> [Material shown]:
-------------------------

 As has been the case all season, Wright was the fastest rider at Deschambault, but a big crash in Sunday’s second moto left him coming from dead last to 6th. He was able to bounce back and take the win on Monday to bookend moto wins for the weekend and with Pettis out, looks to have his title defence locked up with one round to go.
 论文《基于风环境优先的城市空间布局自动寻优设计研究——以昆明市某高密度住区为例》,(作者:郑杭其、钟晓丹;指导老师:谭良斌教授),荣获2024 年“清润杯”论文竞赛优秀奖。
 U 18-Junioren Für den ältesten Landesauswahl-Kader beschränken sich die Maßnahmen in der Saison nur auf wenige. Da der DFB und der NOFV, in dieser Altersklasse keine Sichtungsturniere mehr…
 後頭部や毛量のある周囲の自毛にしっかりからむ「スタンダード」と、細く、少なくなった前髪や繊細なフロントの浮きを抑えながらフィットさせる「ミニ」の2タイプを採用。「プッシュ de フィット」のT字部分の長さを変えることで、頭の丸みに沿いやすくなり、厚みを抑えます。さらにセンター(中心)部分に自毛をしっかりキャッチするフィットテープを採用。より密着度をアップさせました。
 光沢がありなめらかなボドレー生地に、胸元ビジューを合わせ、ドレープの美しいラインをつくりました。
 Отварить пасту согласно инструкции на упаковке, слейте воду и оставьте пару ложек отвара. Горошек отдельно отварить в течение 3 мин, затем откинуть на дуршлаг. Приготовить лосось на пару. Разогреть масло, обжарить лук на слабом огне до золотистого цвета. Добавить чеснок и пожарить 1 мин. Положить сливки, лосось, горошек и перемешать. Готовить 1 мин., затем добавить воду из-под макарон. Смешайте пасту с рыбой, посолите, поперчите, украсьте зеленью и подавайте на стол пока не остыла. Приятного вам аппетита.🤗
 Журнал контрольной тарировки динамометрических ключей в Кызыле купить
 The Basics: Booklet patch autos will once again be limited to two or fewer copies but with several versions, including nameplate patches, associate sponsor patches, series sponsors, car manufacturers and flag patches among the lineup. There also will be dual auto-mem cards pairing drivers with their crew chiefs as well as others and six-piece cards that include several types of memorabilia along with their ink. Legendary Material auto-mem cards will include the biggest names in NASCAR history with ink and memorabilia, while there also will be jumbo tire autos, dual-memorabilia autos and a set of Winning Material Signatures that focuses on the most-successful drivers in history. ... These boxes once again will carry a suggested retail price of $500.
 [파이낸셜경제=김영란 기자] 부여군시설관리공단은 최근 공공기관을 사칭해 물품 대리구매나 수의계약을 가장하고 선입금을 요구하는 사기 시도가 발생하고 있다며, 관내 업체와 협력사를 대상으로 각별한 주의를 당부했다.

-------------------------

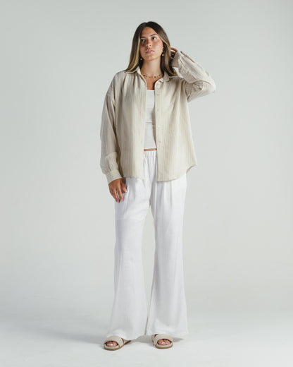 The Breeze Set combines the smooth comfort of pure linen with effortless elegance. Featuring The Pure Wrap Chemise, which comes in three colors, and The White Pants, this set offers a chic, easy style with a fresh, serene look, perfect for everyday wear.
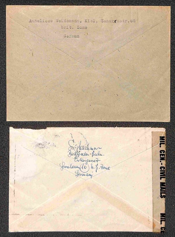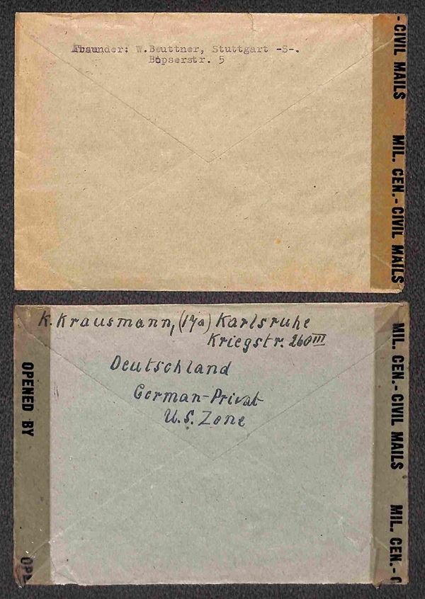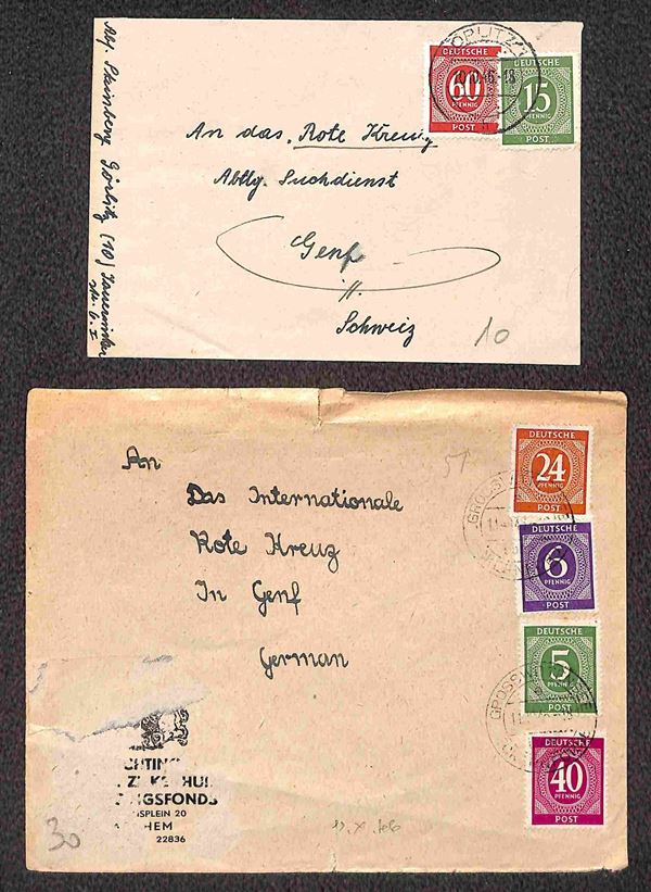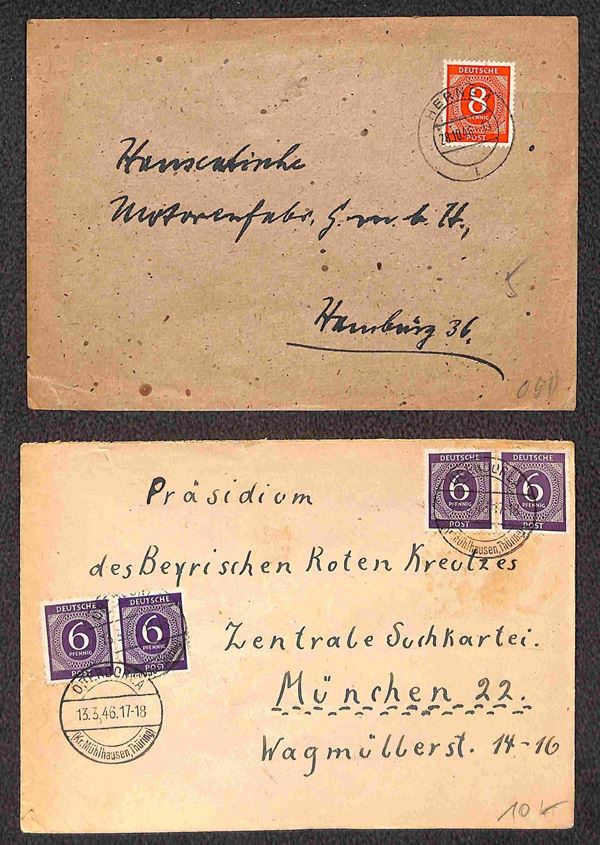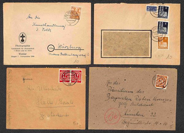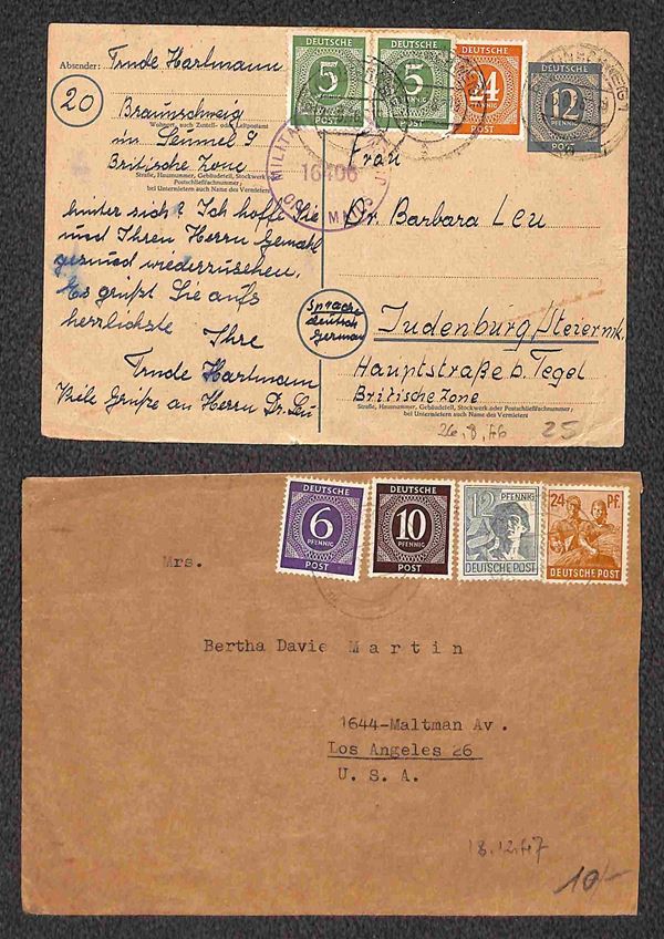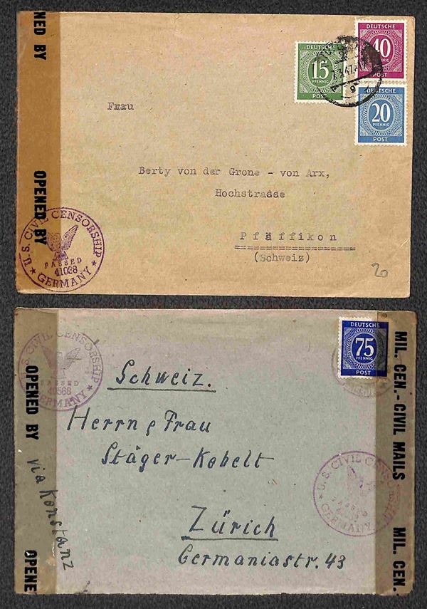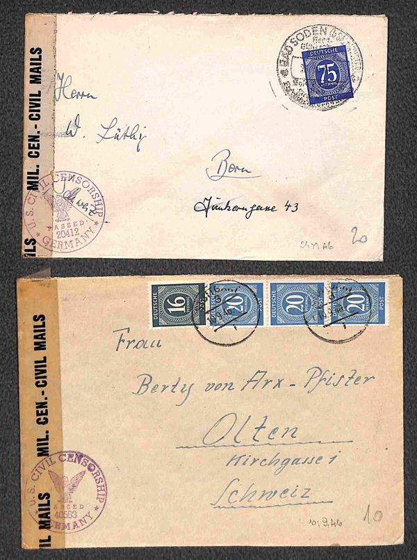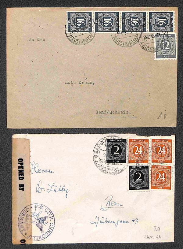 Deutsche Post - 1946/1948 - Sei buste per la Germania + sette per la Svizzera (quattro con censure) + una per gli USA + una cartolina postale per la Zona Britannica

-------------------------

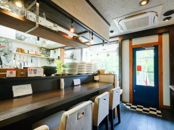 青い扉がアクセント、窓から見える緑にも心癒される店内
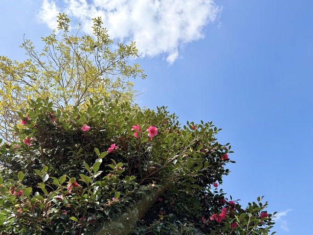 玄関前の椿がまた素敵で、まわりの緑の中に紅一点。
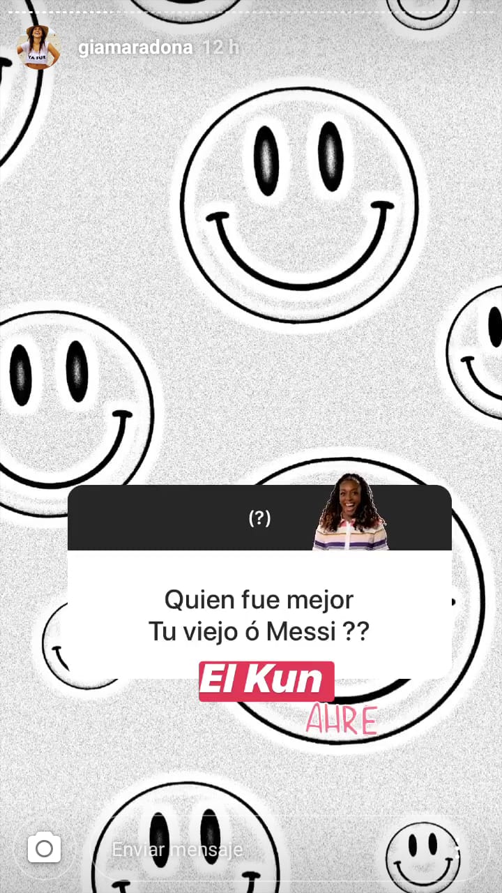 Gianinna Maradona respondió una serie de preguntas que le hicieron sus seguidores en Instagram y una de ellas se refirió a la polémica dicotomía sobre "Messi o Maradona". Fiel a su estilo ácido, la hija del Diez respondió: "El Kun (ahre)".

-------------------------

> [Problem to solve]:
Here the job is to set down exactly the lines of the material above that fall between the one with "As has been" and the one with "Журнал контрольной тарировки", inclusive, and nothing beyond them.

> [Output of the task]:
 As has been the case all season, Wright was the fastest rider at Deschambault, but a big crash in Sunday’s second moto left him coming from dead last to 6th. He was able to bounce back and take the win on Monday to bookend moto wins for the weekend and with Pettis out, looks to have his title defence locked up with one round to go.
 论文《基于风环境优先的城市空间布局自动寻优设计研究——以昆明市某高密度住区为例》,(作者:郑杭其、钟晓丹;指导老师:谭良斌教授),荣获2024 年“清润杯”论文竞赛优秀奖。
 U 18-Junioren Für den ältesten Landesauswahl-Kader beschränken sich die Maßnahmen in der Saison nur auf wenige. Da der DFB und der NOFV, in dieser Altersklasse keine Sichtungsturniere mehr…
 後頭部や毛量のある周囲の自毛にしっかりからむ「スタンダード」と、細く、少なくなった前髪や繊細なフロントの浮きを抑えながらフィットさせる「ミニ」の2タイプを採用。「プッシュ de フィット」のT字部分の長さを変えることで、頭の丸みに沿いやすくなり、厚みを抑えます。さらにセンター(中心)部分に自毛をしっかりキャッチするフィットテープを採用。より密着度をアップさせました。
 光沢がありなめらかなボドレー生地に、胸元ビジューを合わせ、ドレープの美しいラインをつくりました。
 Отварить пасту согласно инструкции на упаковке, слейте воду и оставьте пару ложек отвара. Горошек отдельно отварить в течение 3 мин, затем откинуть на дуршлаг. Приготовить лосось на пару. Разогреть масло, обжарить лук на слабом огне до золотистого цвета. Добавить чеснок и пожарить 1 мин. Положить сливки, лосось, горошек и перемешать. Готовить 1 мин., затем добавить воду из-под макарон. Смешайте пасту с рыбой, посолите, поперчите, украсьте зеленью и подавайте на стол пока не остыла. Приятного вам аппетита.🤗
 Журнал контрольной тарировки динамометрических ключей в Кызыле купить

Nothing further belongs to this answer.